First, let's begin with our imports:

\begin{code}
module Main where

import Control.Lens (to)
import Control.Monad (replicateM_, forever)
import Data.Random.Source.PureMT (newPureMT)
import Deli (Channel, Deli, JobTiming(..))
import Deli.Printer (printResults)
import System.Random
import qualified Deli
import qualified Deli.Random
\end{code}

Simple Queues
---

Next, let's create our first example, of a single queue and worker. Work will
be placed on the main queue, and our worker will read from it, and process each
item in serial:

\begin{code}
singleQueue
    :: Channel JobTiming
    -> Deli JobTiming ()
singleQueue queue =
    forever $ do
        job <- Deli.readChannel queue
        Deli.runJob job
\end{code}

As you can see, describing a very simple system like this has little ceremony.
Next, let's set up the rest of the simulation, and run it.

\begin{code}
singleQueueExample :: IO ()
singleQueueExample = do
    gen <- newStdGen
    let durations = cycle [0.8, 0.9, 1.0, 1.1, 1.2]
        times = [0,1..(100000-1)]
        jobs = zipWith JobTiming times durations
        res = Deli.simulate gen jobs singleQueue
    printResults res
\end{code}

First we've created a new random number generator (the Deli type implements
`MonadRandom`, for convenient, reproducible random number generation). Next, we
create a dataset of our jobs, to be simulated. In this case, jobs will take one
of a set of durations (in seconds), with a mean of `1.0`. Then we set it up so
that jobs will be triggered from the outside world once each second.
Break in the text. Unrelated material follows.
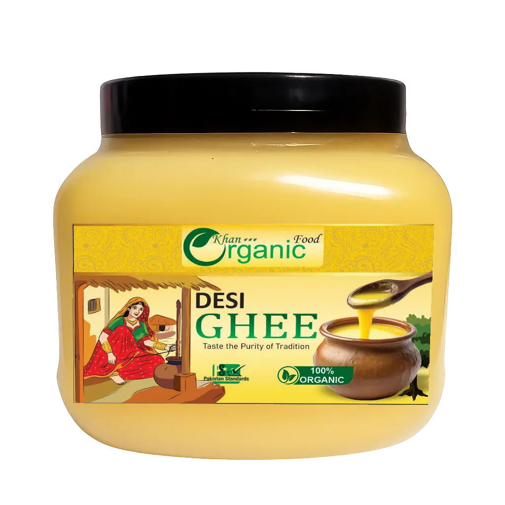 Discover the unmatched taste and health benefits of Khan Organic Desi Ghee – crafted with time-honoured techniques and pure ingredients. Our ghee is made from the finest quality milk, using the Bilona method, delivering a product that’s 100% natural, clean, and authentic.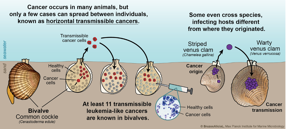 The Marine Transmissible Cancers Research Group led by Alicia L. Bruzos investigates how cancer cells can become contagious and spread among marine bivalves. We combine fieldwork, molecular techniques, multi-omics, and experimental approaches to understand the ecological and evolutionary dynamics of these unusual cancers, which challenge our definitions of cancer and disease transmission.

Finally, we run the simulation, passing in our random number seed, set of jobs,
and our implemented system (`singleQueueExample`).

Running the simulation, we get two primary sets of statistics. We see the wait
time (how long did our jobs have to wait in line before processing begun), and
their sojourn time, which is the wait time plus the processing time.

In this case, we have a non-zero wait-time, which means we are sometimes at
capacity, and are queueing up work. This is also reflected in the fact that the
soujourn 50th percentile is greating (albeit slightly) than one-second.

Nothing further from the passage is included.